When you are transporting a turkey, the head 
and beard of the turkey must remain attached to 
the bird.

Utah Code § 23-20-30 and Utah Admin. Rule R657-6-16 and 
R657-54-12


You must tag the carcass of a sage-grouse, 
sandhill crane, sharp-tailed grouse or turkey before you 
leave the site of kill or move the carcass 
from the site of kill.To tag a carcass, completely detach the tag 
from the permit and completely remove the 
appropriate notches to correspond with the date 
the bird was taken. Then attach the tag to the 
carcass so that the tag remains securely fastened 
and visible.


----------



## Nokturnal_one (May 3, 2014)

Ya I've read that. But if I kill the bird, cut the breast off right there, then I don't need to tag it and I just leave the body there?


----------



## gdog (Sep 13, 2007)

Again.....

"When you are transporting a turkey, the head 
and beard of the turkey must remain attached to 
the bird."

Transporting....as in driving from camp to home. You can't cut the breasts off and then transport without the carcass, as stated you need head and beard attached to bird while transporting.


----------



## Nokturnal_one (May 3, 2014)

Sorry didn't mean to make you all butt hurt, I just needed some more clarification.


----------



## gdog (Sep 13, 2007)

I'm not butt hurt at all....was just answering your questions. Good luck with your hunt!


----------



## outdoorser (Jan 14, 2013)

Like gdog said, you gotta keep the head and beard attached to the bird while transporting. Good luck and let us know if you bag one!!
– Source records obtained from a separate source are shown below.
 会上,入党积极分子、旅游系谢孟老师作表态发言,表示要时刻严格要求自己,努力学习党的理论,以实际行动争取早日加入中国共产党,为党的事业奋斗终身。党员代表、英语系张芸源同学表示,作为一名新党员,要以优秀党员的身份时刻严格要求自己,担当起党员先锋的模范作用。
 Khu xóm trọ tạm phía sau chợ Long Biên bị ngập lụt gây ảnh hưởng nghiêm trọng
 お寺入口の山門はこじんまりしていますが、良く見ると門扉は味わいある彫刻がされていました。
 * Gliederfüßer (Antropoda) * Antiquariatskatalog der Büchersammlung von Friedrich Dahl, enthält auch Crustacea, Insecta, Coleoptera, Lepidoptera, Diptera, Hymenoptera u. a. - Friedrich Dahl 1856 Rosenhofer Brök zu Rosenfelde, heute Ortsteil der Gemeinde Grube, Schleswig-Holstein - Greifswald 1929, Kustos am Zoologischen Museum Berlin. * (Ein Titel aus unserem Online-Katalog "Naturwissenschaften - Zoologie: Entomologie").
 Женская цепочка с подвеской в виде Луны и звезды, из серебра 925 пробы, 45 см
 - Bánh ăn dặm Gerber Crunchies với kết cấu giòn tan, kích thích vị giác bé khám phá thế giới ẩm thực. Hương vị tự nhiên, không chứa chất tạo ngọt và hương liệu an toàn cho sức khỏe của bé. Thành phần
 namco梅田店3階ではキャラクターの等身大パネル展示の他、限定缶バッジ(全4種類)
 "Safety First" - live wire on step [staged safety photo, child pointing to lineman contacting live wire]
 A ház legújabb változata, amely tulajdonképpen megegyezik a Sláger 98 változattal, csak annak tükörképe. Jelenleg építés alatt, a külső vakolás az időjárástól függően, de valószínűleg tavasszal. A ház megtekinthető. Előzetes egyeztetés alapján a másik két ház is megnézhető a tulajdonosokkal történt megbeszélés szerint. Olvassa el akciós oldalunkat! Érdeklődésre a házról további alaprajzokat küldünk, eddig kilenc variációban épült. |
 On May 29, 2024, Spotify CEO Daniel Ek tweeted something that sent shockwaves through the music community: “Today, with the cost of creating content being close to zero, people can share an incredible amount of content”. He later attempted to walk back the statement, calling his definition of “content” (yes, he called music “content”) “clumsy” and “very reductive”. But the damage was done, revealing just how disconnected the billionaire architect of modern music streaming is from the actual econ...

p.s. welcome to the forum and to hunting, I'm sure you'll find a lot of good info on this site.


----------



## Nokturnal_one (May 3, 2014)

I read that in the guidebook but it just seems dumb that I shoot the bird but continue camping and I have to have a carcass in a cooler till I get to my apartment


----------



## longbow (Mar 31, 2009)

Not dumb at all. Just put it in a plastic bag so it doesn't get all over the rest of your food and cut up the rest when you get home. 
Good idea breasting it at camp if you're not going to mount it. I'd love to try turkey breast over a fire or in a tinfoil dinner.
Post some pics if you get one and good luck!


----------



## PBH (Nov 7, 2007)

Nokturnal_one said:


> I read that in the guidebook but it just seems dumb that I shoot the bird but continue camping and I have to have a carcass in a cooler till I get to my apartment


It's not a lot different than deer or elk. Even with those animals, you are required to leave evidence of sex attached to the largest part. If you quarter an animal in the field, you still have to carry out the head with antlers, or in the case of a cow you would need to leave a portion of the bag attached to a hind quarter.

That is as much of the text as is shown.